Tuesday, January 31, 2012

Guest Post: Author Lori Strongin

Lori's debut "Bite Me: Or the Obvious Title for a Novel About a Vampire and a Werewolf" releases tomorrow and she was kind enough to drop by the blog to tell us a bit about her writing process and inspiration! 

How it All Began

The quintessential author question, yes?  “How did you become an author?”

My answer: I didn’t ‘become’ an author.  I kinda always was one.

To backtrack: A favorite family (otherwise read as “embarrassing”) story is how I’d line up my stuffed animals in my crib and babble at them for a good hour before demanding my parents release me from my baby cage.  The popular opinion is that I was telling them stories. 

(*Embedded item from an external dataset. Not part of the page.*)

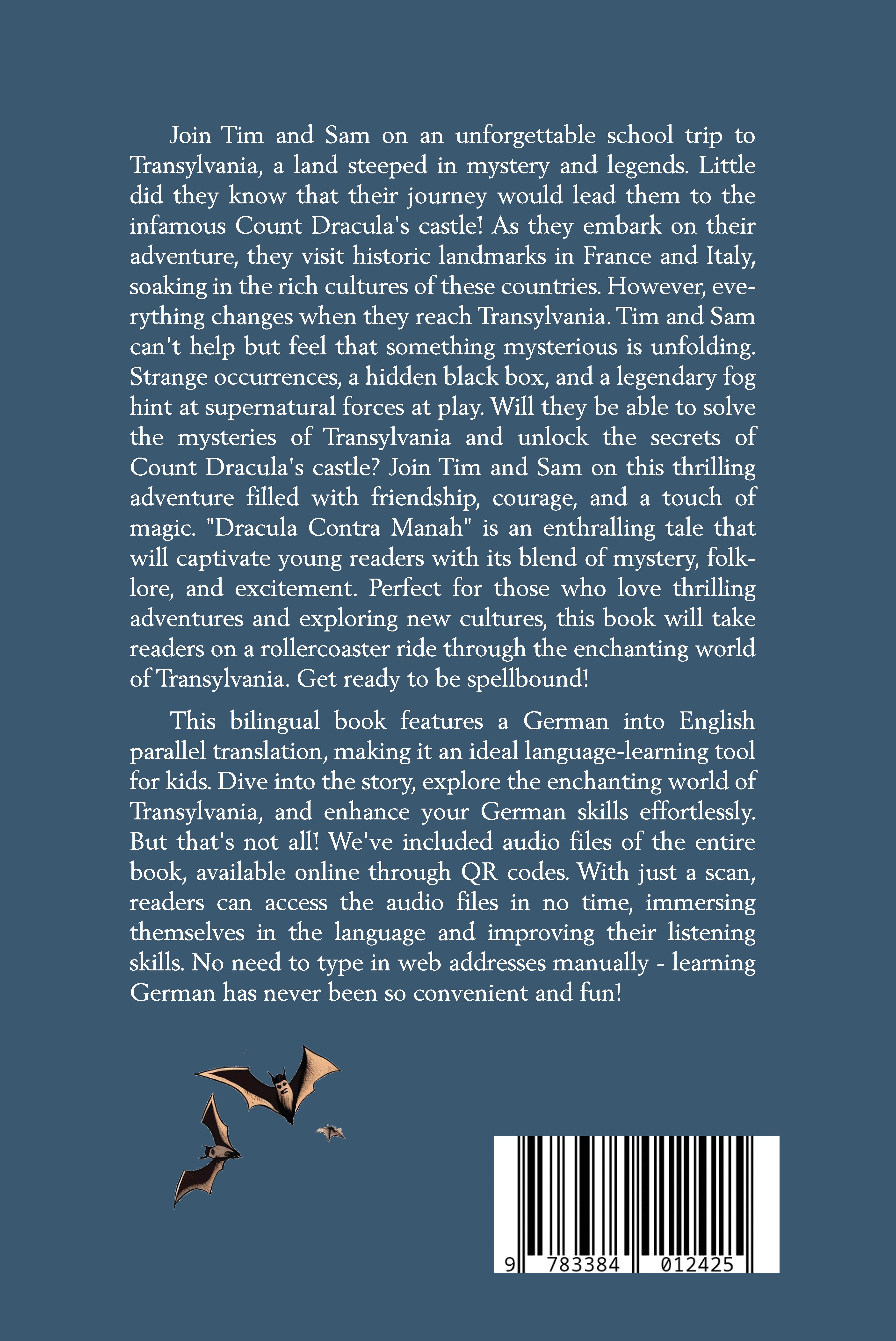 Join Tim and Sam on an unforgettable school trip to Transylvania, a land steeped in mystery and legends. Little did they know that their journey would lead them to the infamous Count Dracula's castle! As they embark on their adventure, they visit historic landmarks in France and Italy, soaking in the rich cultures of these countries. However, everything changes when they reach Transylvania. Tim and Sam can't help but feel that something mysterious is unfolding. Strange occurrences, a hidden black box, and a legendary fog hint at supernatural forces at play. Will they be able to solve the mysteries of Transylvania and unlock the secrets of Count Dracula's castle? Join Tim and Sam on this thrilling adventure filled with friendship, courage, and a touch of magic. "Dracula Contra Manah" is an enthralling tale that will captivate young readers with its blend of mystery, folklore, and excitement. Perfect for those who love thrilling adventures and exploring new cultures, this book will take readers on a rollercoaster ride through the enchanting world of Transylvania. Get ready to be spellbound!This bilingual book features a German into English parallel translation, making it an ideal language-learning tool for kids. Dive into the story, explore the enchanting world of Transylvania, and enhance your German skills effortlessly. But that's not all! We've included audio files of the entire book, available online through QR codes. With just a scan, readers can access the audio files in no time, immersing themselves in the language and improving their listening skills. No need to type in web addresses manually - learning German has never been so convenient and fun!
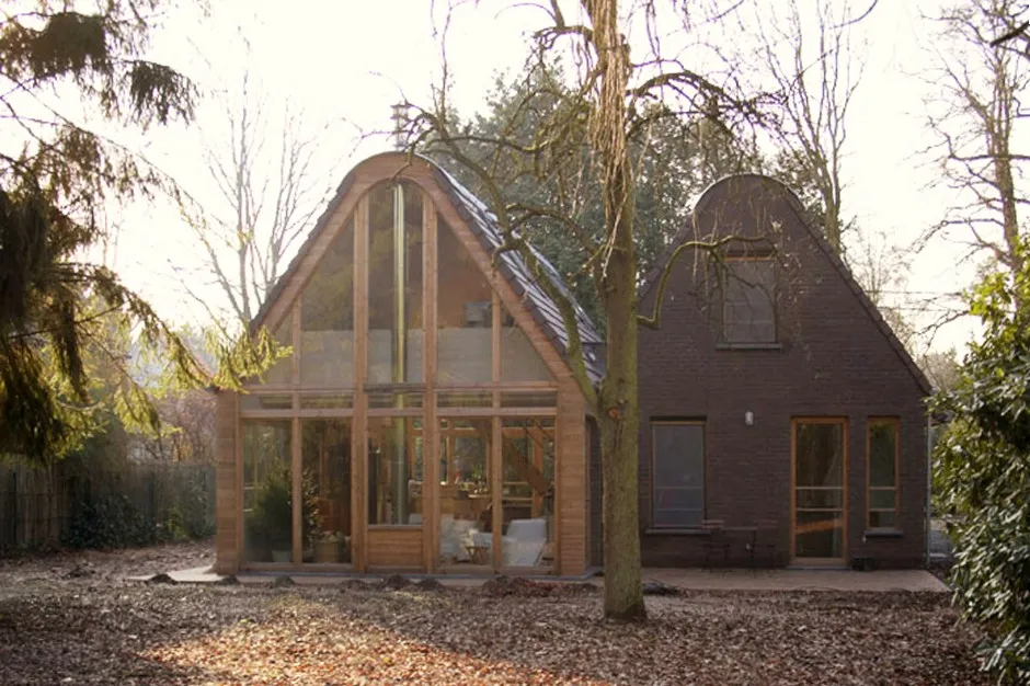 Door 2 lage volumes samen te voegen rond een centrale circulatie-as wordt alle gebouwde ruimte nuttig gebruikt. Er ontstaat een leesbaar geheel: het dagvolume en het nachtvolume. De gevels volgen deze logica en zijn relatief gesloten tot volledig beglaasd. Steile dakvlakken maken de verdieping volwaardig bruikbaar, het afronden van de nok geeft het klassieke profiel een eigenzinnige verschijningsvorm.

Fast forward a few years to when my absolute favorite book in the world was Peter and Wendy.  There wasn’t a doubt in my mind that one night, Peter Pan and Tinkerbell were going to fly through my window and whisk me off to adventure in Neverland.  I’d stay awake for hours, again more telling stories to my stuffed animals and, this time, certain that Peter was listening just outside my window.  And if I could just manage to find the perfect story, then he’d reward me with a healthy dose of faith, trust, and pixie dust.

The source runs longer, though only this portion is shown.